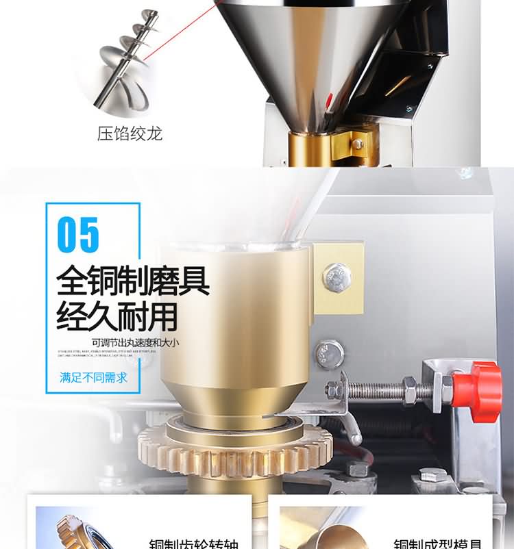 肉丸成型機(jī)采用不銹鋼材質(zhì),丸子直徑可達(dá)15-35mm,可以制作各類爽脆,有韌性、有彈性的豬肉丸、魚丸、牛肉丸、貢丸、雞肉丸等,不僅花色品種繁多,口味可自由變換以外,還在原有的基礎(chǔ)上大大降低了生產(chǎn)成本。
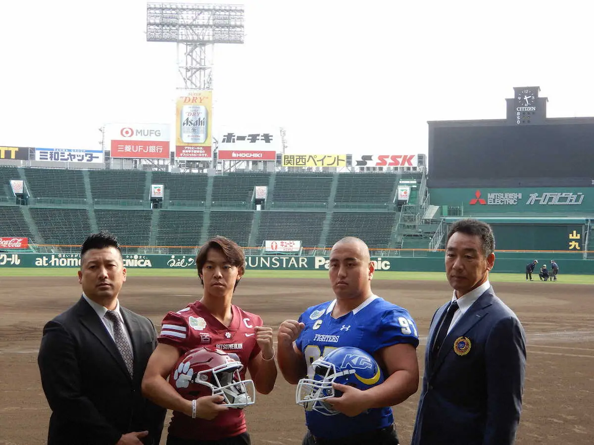 決戦の地、甲子園球場で記念写真に収まる(左から)立命大・高橋健太郎監督、今田甚太郎主将、関学大・前田涼太主将、大村和輝監督(撮影・堀田 和昭)
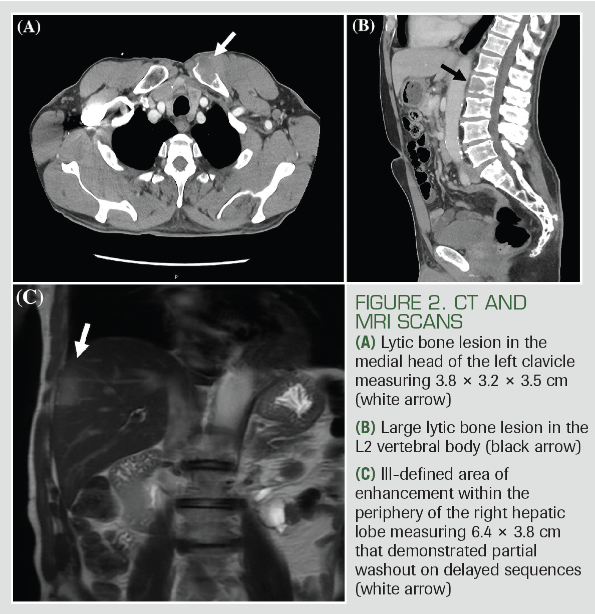 A thoracic CT scan revealed a soft tissue clavicular mass and multiple lytic vertebral lesions (Figures 2A and 2B). A CT scan of the abdomen/pelvis identified 2 poorly defined hepatic masses. Liver mass protocol MRI showed an ill-defined area of enhancement within the periphery of the right hepatic lobe that demonstrated partial washout on the portal venous phase, and the liver surface was not suggestive of cirrhosis and did not have evidence of portal hypertension (Figure 2C). Admission laboratory studies showed that aspartate aminotransferase, alanine aminotransferase, alkaline phosphatase, total bilirubin, serum albumin, prothrombin time, international normalized ratio, and platelets were within normal limits. HCV viral load was 10,400,000 IU/mL, and HIV and hepatitis B virus (HBV) core antibody/surface antigens were negative. α-fetoprotein (AFP), cancer antigen (CA)-19-9, CA-125, carcinoembryonic antigen, and prostate-specific antigen levels were within normal limits.
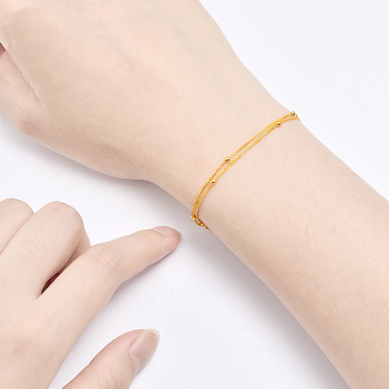 Sinya Au750 18k чистый золотой бисер lucky star семейный дизайн браслет Золотые бусы 2 мм для женщин и девочек Длина мамы 16 см + 3 см горячая распродажа
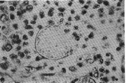 Candida is a ubiquitous organism causing opportunistic infections in immunocompromised or antibiotic-treated animals such as NHPs. Signs are dysphagia and a white pseudomembrane in the mouth. The lesion rarely penetrates past the basement membrane. H&E stain reveals organisms, but PAS or GMS stains are better{3770}. The photograph shows a dark-phase illumination of septate hyphae and oval budding blastospores from Carter{3953}. Coccidioides immitisUnlike histoplasmosis, coccidioidomycosis occurs in arid regions, for example in the southwest US. It is perhaps the most infectious fungal disease. Disease occurs in many species of large animals and is usually confined to the lungs. Disseminated disease occurs depending upon the dose of pathogen inhaled and the host’s immune status. The meninges, joints, bones and subcutaneous tissues are affected by systemic disease. The lesions are suppurative and granulomatous. The photograph shows a ruptured spherule (very large, 10-80m) that has released endospores (2-5m) with inflammatory cells surrounding the area. Infection usually results in strong immunity, and serologic tests are more useful for this disease than for the others. There is a coccidioidin skin test as well as precipitin, complement fixation, immunodiffusion and latex agglutination tests. Kits of tests for multiple fungal diseases are available.{3953} Soil thought to contain Coccidioides and cultures must be handled using BSL3 precautions, since the arthroconidia are so tiny. Animal studies in which the route of challenge is parenteral are conducted at ABSL2. Cryptococcus neoformansThis organism is a yeast that primarily affects the CNS and eye, as well as the respiratory system. It has a very thick mucinous capsule that is obvious on India ink preparations. In dogs and cats, infection begins in the paranasal sinuses and extends later to the brain and meninges, or to the lungs. Ferrets, guinea pigs and birds have also been infected, as have a few NHPs.{3953} In NHPs, the meningeal lesions are gelatinous nodules or cysts with sparse granulomatous inflammation. There are abundant organisms demonstrable in these lesions.{3770} This is an animal biosafety level 2 organism. Histoplasma capsulatumThis is a dimorphic fungus that exists as a yeast at body temperature and a fungus at cooler temperatures. It grows best in soil with a high nitrogen content, explaining why it is found in areas contaminated with bird or bat feces. Almost all infections are asymptomatic, with inhaled organisms killed or encased in granulomas. Host immunity and the number of inhaled conidia may determine whether disease develops. If it does, it is a facultative intracellular parasite of macrophages of the reticuloendothelial system. Ulcers and tubercles are the main lesions. Humans and dogs are most susceptible but disease has been reported in other large animal species including NHPs. It can be difficult to see in smears because of its size; use oil immersion and examine monocytes, as in the photo. Diagnosis is by immunodiffusion combined with complement fixation to determine the presence of active infection.{3953} It is an ABSL2 agent, with several human cases occurring in diagnostic lab settings. The conidia are <5µ and are aerosolized and inhaled easily.{3950} An as-yet unclassified yeast organism was seen in three adult non-geriatric wild-caught Peruvian owl monkeys. Multiple yeast cultures on Sabouraud Dextrose Agar, SABHI Agar with blood, and SABHI Agar with Chloramphenicol and Cycloheximine were negative. However, paraffin-embedded formalin-fixed stained tissues (spleen, liver, kidneys, lymph nodes, heart, lungs, adrenal glands, and bone marrow) demonstrated myriad spherical to oval, thick-walled, uninucleate yeast cells 8-10 microns in diameter. A few cells had narrow-based budding of single daughter cells. Chains of organisms were not formed (as in Loboa). Yeast cells were common both free in the tissue and inside macrophages, but inflammatory infiltrates were absent. The yeast cell morphology was consistent with Histoplasma capsulatum var duboisii. The yeast cells tested from one animal were positive by FA testing to H. capsulatum and Blastomyces dermatitidis using a bivalent conjugate; however, the serum tested from this animal was negative by immunodiffusion and complement fixation for antibodies to both yeast species. One other monkey had yeast cells detected in his bone marrow. The Gridley Fungus Stain imparted a magenta color to the cell wall against the yellow counter stain, enhancing visibility of the yeast cells.{3619} Although its morphology was most consistent with Histoplasma capsulatum var duboisii, the absence of cellular reaction, inability to grow the organism on artificial media and the fact that the monkeys were from South America (rather than Africa) are inconsistent with that organism. Blastomyces dermatitidis have multiple nuclei and single broad-based buds and evoke pyogranulomatous inflammation, but grow on artificial media. Cryptococcus neoformans causes minimal cellular response like this organism, but it has a carminophilic capsule and is also readily cultivated. Loboa loboi can't be grown artificially, but is known only in humans and dolphins; it also infects only the skin, sub Q and lymph nodes, not viscera, evokes inflammation and has a characteristic chain pattern of budding.{3619} |
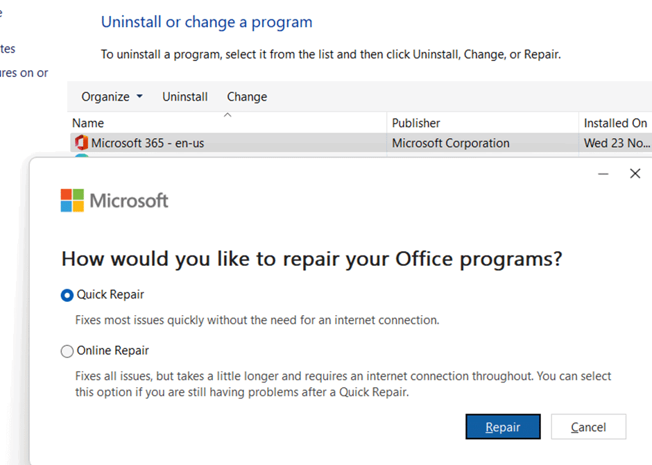 Try Quick Repair first. If that doesn’t help, there’s the slower ‘Online Repair’ option.
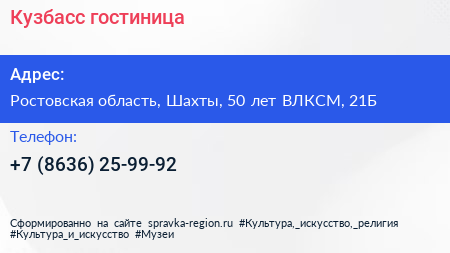 Кузбасс, гостиница по адресу Ростовская область, Шахты, 50 лет ВЛКСМ, 21Б в дальнейшем Организация, размещена в следующих категориях:
──────────────────────────────
◆ Your goal
All entries above, minus the pictures, should be repeated exactly.

◆ Response below
 肉丸成型機(jī)采用不銹鋼材質(zhì),丸子直徑可達(dá)15-35mm,可以制作各類爽脆,有韌性、有彈性的豬肉丸、魚丸、牛肉丸、貢丸、雞肉丸等,不僅花色品種繁多,口味可自由變換以外,還在原有的基礎(chǔ)上大大降低了生產(chǎn)成本。
 決戦の地、甲子園球場で記念写真に収まる(左から)立命大・高橋健太郎監督、今田甚太郎主将、関学大・前田涼太主将、大村和輝監督(撮影・堀田 和昭)
 A thoracic CT scan revealed a soft tissue clavicular mass and multiple lytic vertebral lesions (Figures 2A and 2B). A CT scan of the abdomen/pelvis identified 2 poorly defined hepatic masses. Liver mass protocol MRI showed an ill-defined area of enhancement within the periphery of the right hepatic lobe that demonstrated partial washout on the portal venous phase, and the liver surface was not suggestive of cirrhosis and did not have evidence of portal hypertension (Figure 2C). Admission laboratory studies showed that aspartate aminotransferase, alanine aminotransferase, alkaline phosphatase, total bilirubin, serum albumin, prothrombin time, international normalized ratio, and platelets were within normal limits. HCV viral load was 10,400,000 IU/mL, and HIV and hepatitis B virus (HBV) core antibody/surface antigens were negative. α-fetoprotein (AFP), cancer antigen (CA)-19-9, CA-125, carcinoembryonic antigen, and prostate-specific antigen levels were within normal limits.
 Sinya Au750 18k чистый золотой бисер lucky star семейный дизайн браслет Золотые бусы 2 мм для женщин и девочек Длина мамы 16 см + 3 см горячая распродажа
 Candida is a ubiquitous organism causing opportunistic infections in immunocompromised or antibiotic-treated animals such as NHPs. Signs are dysphagia and a white pseudomembrane in the mouth. The lesion rarely penetrates past the basement membrane. H&E stain reveals organisms, but PAS or GMS stains are better{3770}. The photograph shows a dark-phase illumination of septate hyphae and oval budding blastospores from Carter{3953}. Coccidioides immitisUnlike histoplasmosis, coccidioidomycosis occurs in arid regions, for example in the southwest US. It is perhaps the most infectious fungal disease. Disease occurs in many species of large animals and is usually confined to the lungs. Disseminated disease occurs depending upon the dose of pathogen inhaled and the host’s immune status. The meninges, joints, bones and subcutaneous tissues are affected by systemic disease. The lesions are suppurative and granulomatous. The photograph shows a ruptured spherule (very large, 10-80m) that has released endospores (2-5m) with inflammatory cells surrounding the area. Infection usually results in strong immunity, and serologic tests are more useful for this disease than for the others. There is a coccidioidin skin test as well as precipitin, complement fixation, immunodiffusion and latex agglutination tests. Kits of tests for multiple fungal diseases are available.{3953} Soil thought to contain Coccidioides and cultures must be handled using BSL3 precautions, since the arthroconidia are so tiny. Animal studies in which the route of challenge is parenteral are conducted at ABSL2. Cryptococcus neoformansThis organism is a yeast that primarily affects the CNS and eye, as well as the respiratory system. It has a very thick mucinous capsule that is obvious on India ink preparations. In dogs and cats, infection begins in the paranasal sinuses and extends later to the brain and meninges, or to the lungs. Ferrets, guinea pigs and birds have also been infected, as have a few NHPs.{3953} In NHPs, the meningeal lesions are gelatinous nodules or cysts with sparse granulomatous inflammation. There are abundant organisms demonstrable in these lesions.{3770} This is an animal biosafety level 2 organism. Histoplasma capsulatumThis is a dimorphic fungus that exists as a yeast at body temperature and a fungus at cooler temperatures. It grows best in soil with a high nitrogen content, explaining why it is found in areas contaminated with bird or bat feces. Almost all infections are asymptomatic, with inhaled organisms killed or encased in granulomas. Host immunity and the number of inhaled conidia may determine whether disease develops. If it does, it is a facultative intracellular parasite of macrophages of the reticuloendothelial system. Ulcers and tubercles are the main lesions. Humans and dogs are most susceptible but disease has been reported in other large animal species including NHPs. It can be difficult to see in smears because of its size; use oil immersion and examine monocytes, as in the photo. Diagnosis is by immunodiffusion combined with complement fixation to determine the presence of active infection.{3953} It is an ABSL2 agent, with several human cases occurring in diagnostic lab settings. The conidia are <5µ and are aerosolized and inhaled easily.{3950} An as-yet unclassified yeast organism was seen in three adult non-geriatric wild-caught Peruvian owl monkeys. Multiple yeast cultures on Sabouraud Dextrose Agar, SABHI Agar with blood, and SABHI Agar with Chloramphenicol and Cycloheximine were negative. However, paraffin-embedded formalin-fixed stained tissues (spleen, liver, kidneys, lymph nodes, heart, lungs, adrenal glands, and bone marrow) demonstrated myriad spherical to oval, thick-walled, uninucleate yeast cells 8-10 microns in diameter. A few cells had narrow-based budding of single daughter cells. Chains of organisms were not formed (as in Loboa). Yeast cells were common both free in the tissue and inside macrophages, but inflammatory infiltrates were absent. The yeast cell morphology was consistent with Histoplasma capsulatum var duboisii. The yeast cells tested from one animal were positive by FA testing to H. capsulatum and Blastomyces dermatitidis using a bivalent conjugate; however, the serum tested from this animal was negative by immunodiffusion and complement fixation for antibodies to both yeast species. One other monkey had yeast cells detected in his bone marrow. The Gridley Fungus Stain imparted a magenta color to the cell wall against the yellow counter stain, enhancing visibility of the yeast cells.{3619} Although its morphology was most consistent with Histoplasma capsulatum var duboisii, the absence of cellular reaction, inability to grow the organism on artificial media and the fact that the monkeys were from South America (rather than Africa) are inconsistent with that organism. Blastomyces dermatitidis have multiple nuclei and single broad-based buds and evoke pyogranulomatous inflammation, but grow on artificial media. Cryptococcus neoformans causes minimal cellular response like this organism, but it has a carminophilic capsule and is also readily cultivated. Loboa loboi can't be grown artificially, but is known only in humans and dolphins; it also infects only the skin, sub Q and lymph nodes, not viscera, evokes inflammation and has a characteristic chain pattern of budding.{3619} |
 Try Quick Repair first. If that doesn’t help, there’s the slower ‘Online Repair’ option.
 Кузбасс, гостиница по адресу Ростовская область, Шахты, 50 лет ВЛКСМ, 21Б в дальнейшем Организация, размещена в следующих категориях:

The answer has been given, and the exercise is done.